[DIRECTIONS FOR THIS TASK]
Reproduce, exactly and in full, only the lines below from the one containing "Vintage Illustration Weihnachtsfeiertag" through the one containing "Siliber 180° Full".

[PROVIDED DATA]
<<<<

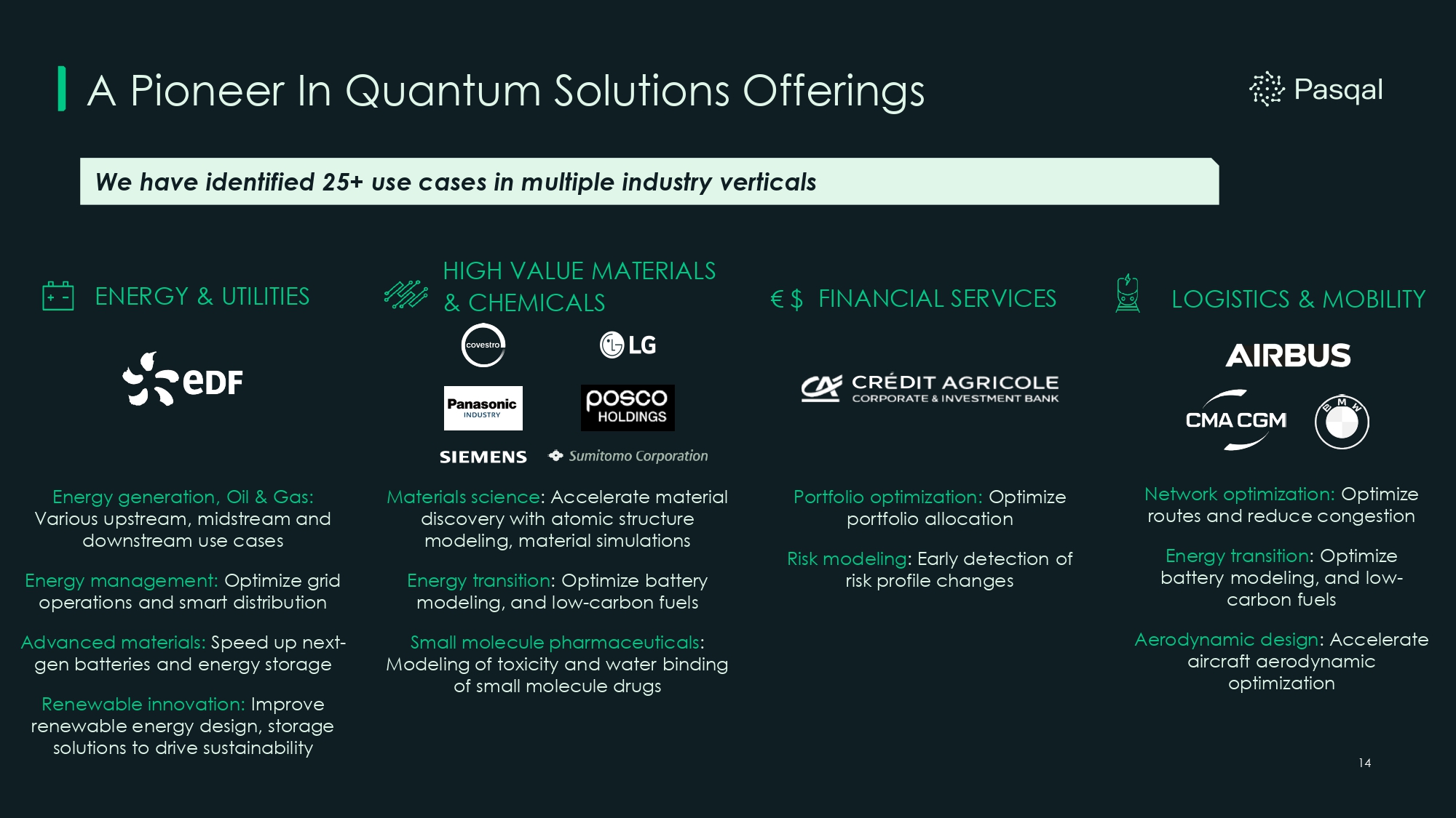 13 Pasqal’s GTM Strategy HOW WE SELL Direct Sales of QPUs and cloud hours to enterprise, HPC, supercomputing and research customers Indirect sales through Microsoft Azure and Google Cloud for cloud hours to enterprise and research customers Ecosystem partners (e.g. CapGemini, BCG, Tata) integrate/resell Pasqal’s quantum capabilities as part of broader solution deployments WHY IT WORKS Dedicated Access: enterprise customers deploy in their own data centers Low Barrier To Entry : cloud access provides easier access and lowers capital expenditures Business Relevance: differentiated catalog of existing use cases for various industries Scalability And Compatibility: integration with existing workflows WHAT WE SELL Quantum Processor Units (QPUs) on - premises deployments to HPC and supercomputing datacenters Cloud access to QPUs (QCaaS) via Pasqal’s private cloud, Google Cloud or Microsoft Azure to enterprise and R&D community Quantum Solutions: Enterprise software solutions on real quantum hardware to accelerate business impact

>>>>
<<<<

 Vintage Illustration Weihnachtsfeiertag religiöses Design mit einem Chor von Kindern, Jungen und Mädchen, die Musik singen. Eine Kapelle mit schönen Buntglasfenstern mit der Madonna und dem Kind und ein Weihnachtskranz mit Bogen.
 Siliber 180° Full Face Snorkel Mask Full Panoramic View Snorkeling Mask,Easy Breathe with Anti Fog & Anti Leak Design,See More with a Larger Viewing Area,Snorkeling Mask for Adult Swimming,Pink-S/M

>>>>

[YOUR SOLUTION]
 Vintage Illustration Weihnachtsfeiertag religiöses Design mit einem Chor von Kindern, Jungen und Mädchen, die Musik singen. Eine Kapelle mit schönen Buntglasfenstern mit der Madonna und dem Kind und ein Weihnachtskranz mit Bogen.
 Siliber 180° Full Face Snorkel Mask Full Panoramic View Snorkeling Mask,Easy Breathe with Anti Fog & Anti Leak Design,See More with a Larger Viewing Area,Snorkeling Mask for Adult Swimming,Pink-S/M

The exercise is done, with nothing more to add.